In general, most data stored in a storage backend is stored in two parts:

  • A JSON serialized representation of this class (or a subclass), which contains lightweight information such as the state and composition of a system.

  • A directory like structure (either directly a directory, or some NetCDF like compressed archive) of ancillary files which do not easily lend themselves to be serialized within a JSON object, such as simulation trajectories, whose files are referenced by their file name by the data object.

The ancillary directory-like structure is not required if the data may be suitably stored in the data object itself.

Data Storage / Retrieval

Each piece of data which is stored in a backend must inherit from the BaseStoredData class, will be assigned a unique key. This unique key is both useful for tracking provenance if this data is re-used in future calculations, and also can be used to retrieve the piece of data from the storage system.

In addition to retrieval using the data keys, each backend offers the ability to perform a ‘query’ to retrieve data which matches a set of given criteria.
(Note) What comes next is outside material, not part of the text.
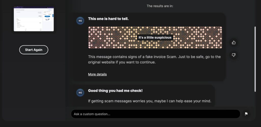 However, internet security providers could have a solution in the form of AI for good, with Norton including some machine learning as part of a tool designed to help you decipher whether a scam is just that — a scam.

Data queries are implemented via BaseDataQuery objects, which expose different options for querying for specific types of data (such a simulation data, trained models, etc.).

A query may be used for example to match all simulation data that was generated for a given Substance in a particular phase:

# Look for all simulation data generated for liquid water
substance_query = SimulationDataQuery()

substance_query.substance = Substance.from_components("O")
substance_query.property_phase = PropertyPhase.Liquid

found_data = backend.query(substance_query)
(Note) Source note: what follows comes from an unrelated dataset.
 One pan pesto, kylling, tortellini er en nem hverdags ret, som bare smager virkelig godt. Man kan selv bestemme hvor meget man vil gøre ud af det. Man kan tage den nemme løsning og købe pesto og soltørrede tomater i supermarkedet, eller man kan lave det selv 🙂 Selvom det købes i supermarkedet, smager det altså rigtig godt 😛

The returned found_data will be a dictionary with keys of tuples and values as lists of tuples. Each key will be a tuple of the values which were matched, for example the matched thermodynamic state, or the matched substance. For each value tuple in the tuple list, the first item in the tuple is the unique key of the found data object, the second item is the data object itself, and the final object is the file path to the ancillary data directory (or None if none is present).

See the Data Classes and Queries page for more information about the available data classes, queries and their details.

Implementation

A StorageBackend must at minimum implement a structure of:

class MyStorageBackend(StorageBackend):

    def _store_object(self, object_to_store, storage_key=None, ancillary_data_path=None):
        ...

    def _retrieve_object(self, storage_key, expected_type=None):
        ...

    def _object_exists(self, storage_key):
        ...

where

  • _store_object() must store a BaseStoredData object as well as optionally its ancillary data directory, and return a unique key assigned to that object.

  • _retrieve_object() must return the BaseStoredData object which has been assigned a given key if the object exists in the system, as well as the file path to ancillary data directory if it exists.

  • _object_exists() should return whether any object still exists in the storage system with a given key.

All of these methods will be called under a reentrant thread lock and may be considered as thread safe.